> [Work to be completed]: Could you set down the listing below exactly and omit its images?

> [Dataset content]:
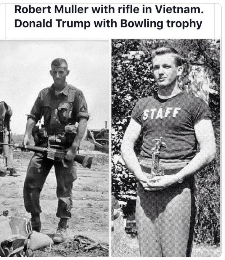 Robert Mueller volunteered to serve in Vietnam. Little Donny Fuckface volunteered to grab women by the pussy, in case you need a comparison of the characters of these two individuals.
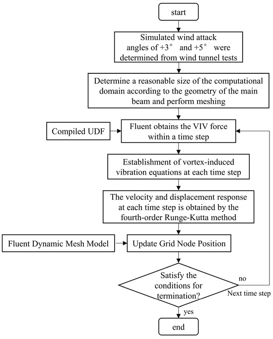 Step 5: Based on the velocity and displacement response calculated in Step 5, update the grid node positions with the dynamic grid model and determine whether the computation stopping condition is met. If it is satisfied, stop the calculation condition; if not, carry out the calculation in the next time step. Cycle according to Steps 3–5 to realize the VIV response analysis of the main girder section.
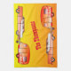 This beautiful dish towel has a vintage style car and caravan on a sunset colored background. This dish towel is customized; change the family name to your name.
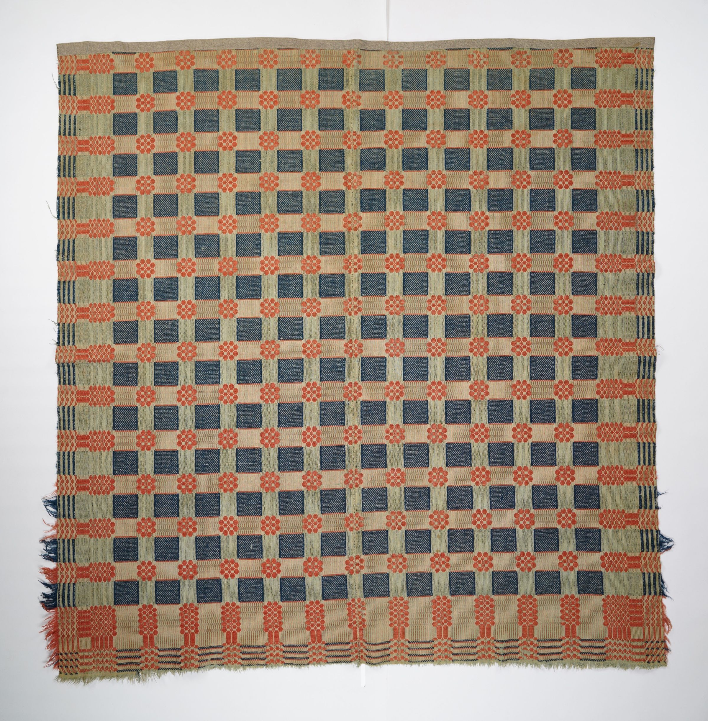 Red, navy, and natural geometric coverlet with border and self-fringe remnants on three sides. Two joined panels.Collection

> [Result of the task]:
 Robert Mueller volunteered to serve in Vietnam. Little Donny Fuckface volunteered to grab women by the pussy, in case you need a comparison of the characters of these two individuals.
 Step 5: Based on the velocity and displacement response calculated in Step 5, update the grid node positions with the dynamic grid model and determine whether the computation stopping condition is met. If it is satisfied, stop the calculation condition; if not, carry out the calculation in the next time step. Cycle according to Steps 3–5 to realize the VIV response analysis of the main girder section.
 This beautiful dish towel has a vintage style car and caravan on a sunset colored background. This dish towel is customized; change the family name to your name.
 Red, navy, and natural geometric coverlet with border and self-fringe remnants on three sides. Two joined panels.Collection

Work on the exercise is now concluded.